The Brown Act may allow a city council to evaluate the performance of its contract city attorney in closed session, but it doesn't permit the council to go behind closed doors on its own to discuss disputed billings by the attorney, says CalAware's Richard McKee.
As reported by Sandra Emerson in the Inland Valley Daily Bulletin,
An open-government advocate is accusing the city of violating the Ralph M. Brown Act by discussing the city attorney's contract in closed session Monday at City Hall.
Richard McKee, president of Californians Aware, said he would file a demand for cure and correction today, giving the city two weeks to respond or face possible litigation.
The council would be required to publicly discuss what was said during the closed-session item at its next public meeting, McKee said.
The council is scheduled to reconvene Jan. 10.
"It will ask two things: one, for them to reveal their illegally held closed-session discussion, and two, it will demand that they assure the public they will not hold such a closed session," McKee said.
City officials have expressed concerns over the billing practices of the city attorney, William Curley, and the law firm the council hired in 1993 to provide legal counsel.
No action was taken during closed session. Curley was not in the closed-session meeting.
Curley said the closed-session item was appropriate under the Brown Act, California's open-meeting law.
"Any final decision would have to be publicly announced," he said. "They can discuss personnel matters in private."
Because the city attorney is considered an employee under the Brown Act, the city has two options, McKee said.
"They can go into closed session under Code 54957 to do an evaluation," he said. "The reason this doesn't fit this situation is the agenda doesn't say that. It says they are considering their contract."
The second option is that Curley, a nonunion employee, would have a negotiator to act on his behalf in the closed session. No negotiator was listed on the agenda.
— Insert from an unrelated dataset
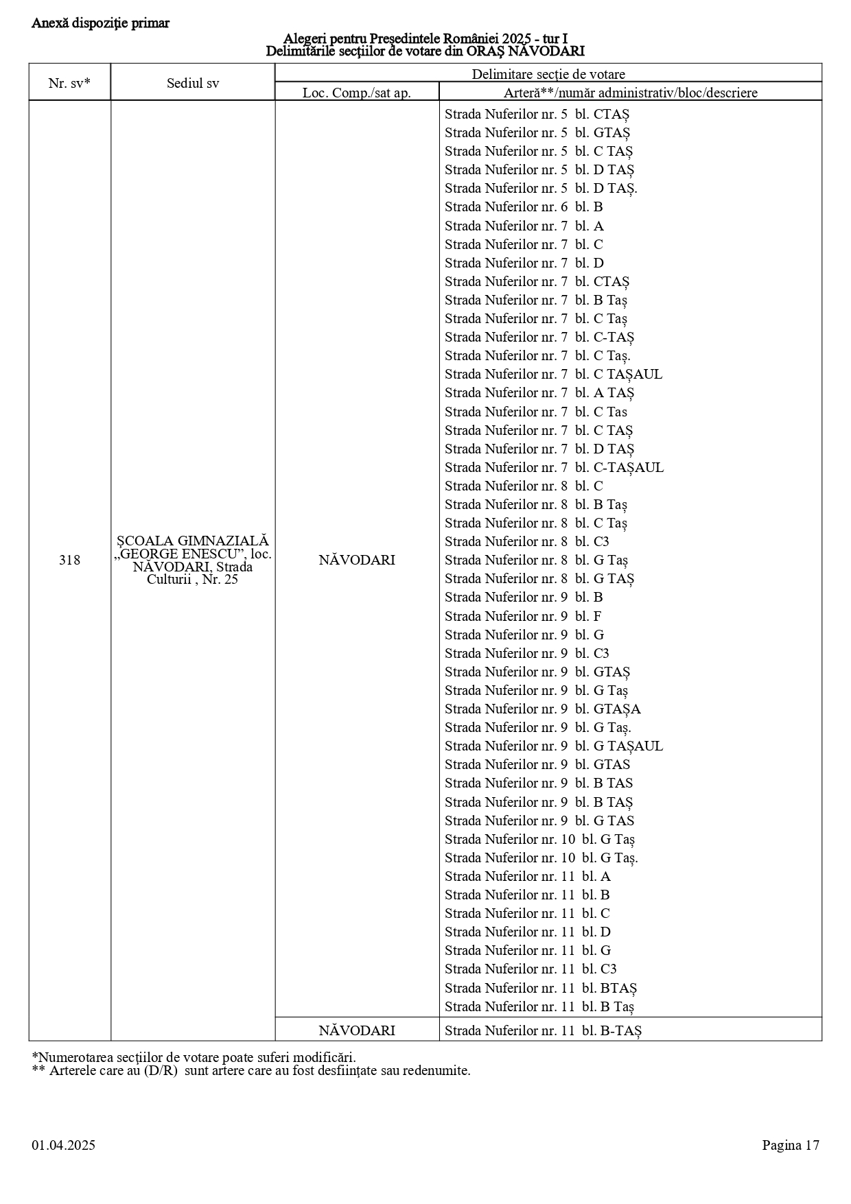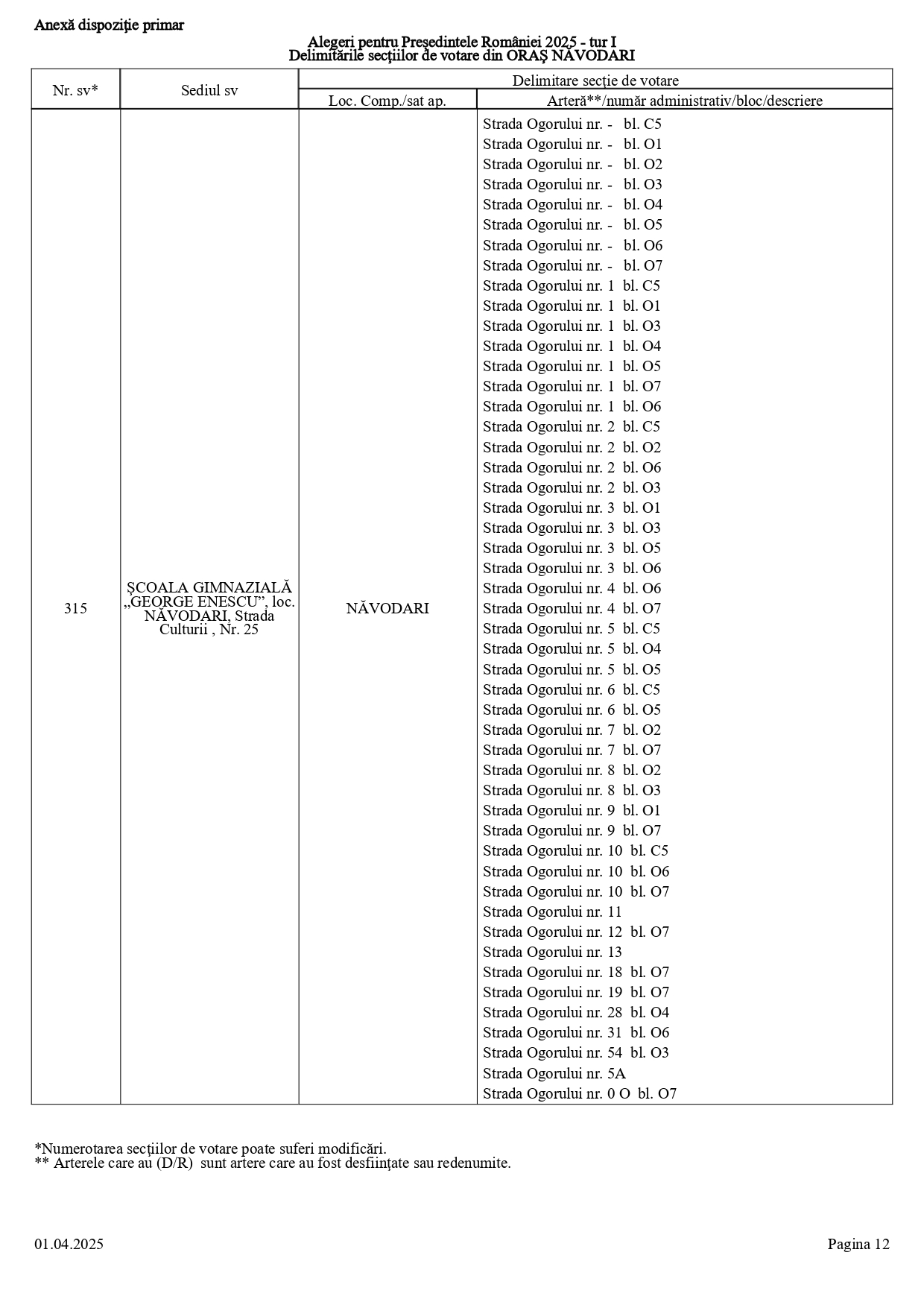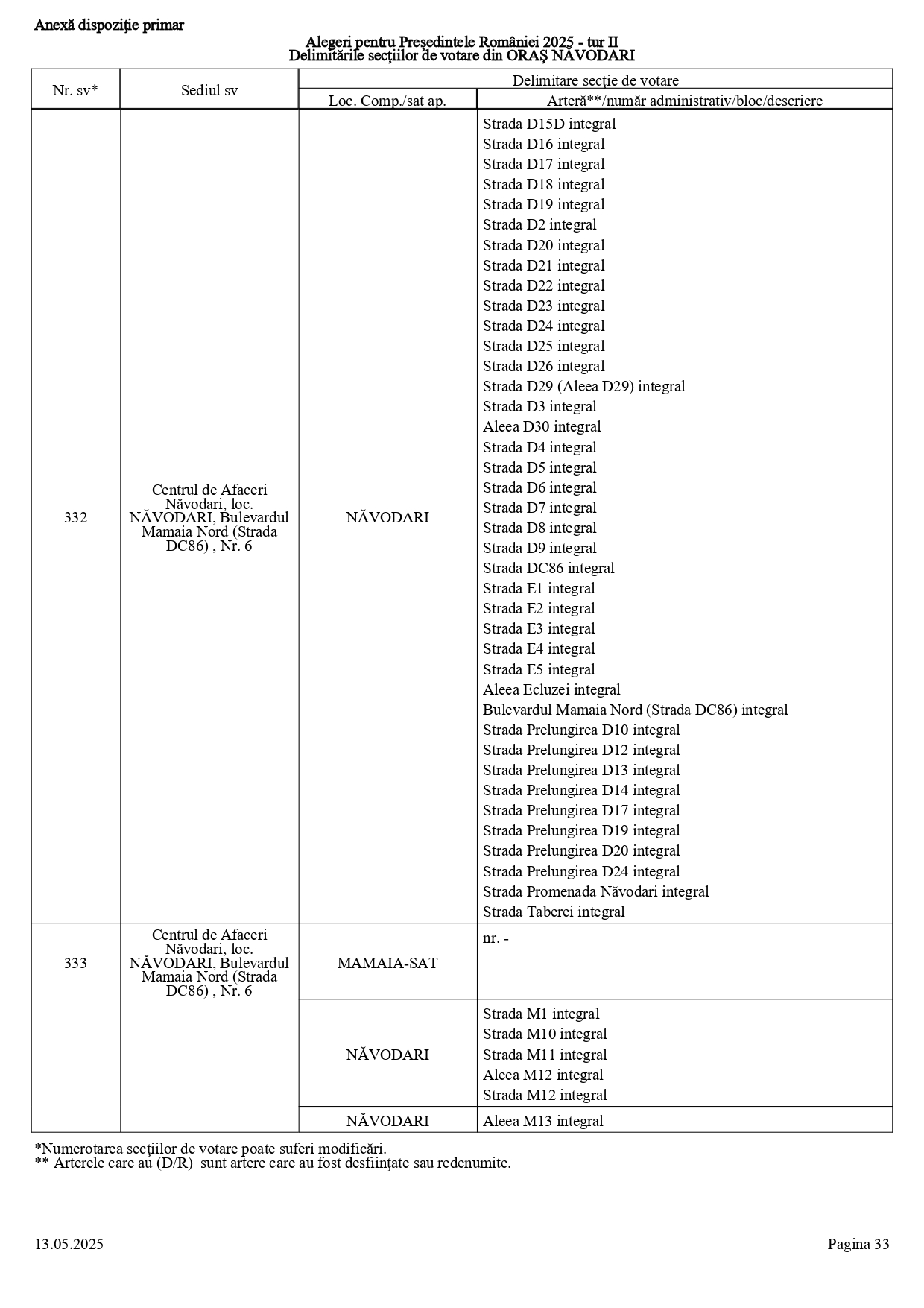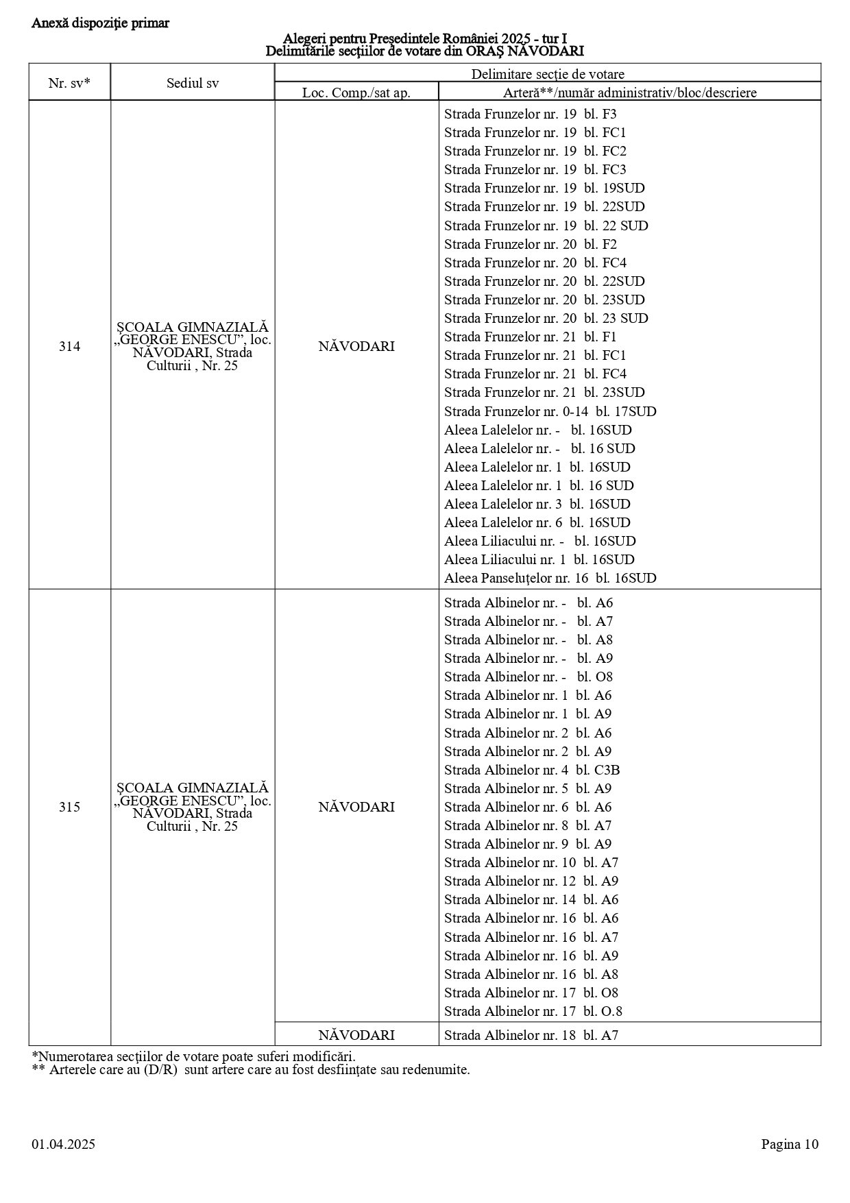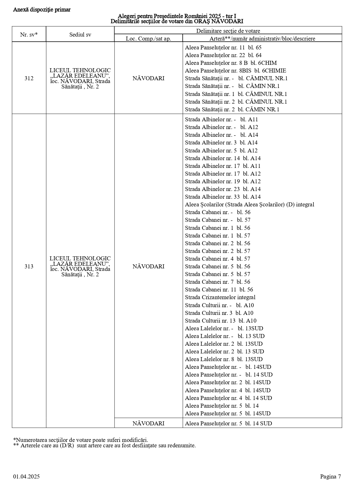 Vă prezentăm, în documentul de mai jos, tabelul conținând informații privind delimitările secțiilor de votare din orașul Năvodari: numărul și sediul secției de votare, cu străzile/arterele aferente (număr administrativ/bloc/descriere).

To discuss complaints and charges against Curley, the city would have had to send him a written notice 24 hours in advance of the closed session, giving him the opportunity to request an open discussion, McKee said.
"It's not uncommon in Upland. These are the typical dirty tricks that go on there all the time," McKee said. "This is certainly not the first closed session held illegally."
McKee accused the city of violating the Brown Act several times in 2005 during the hiring of City Manager Robb Quincey and former Assistant City Manager Rod Foster, who is now Colton's city manager.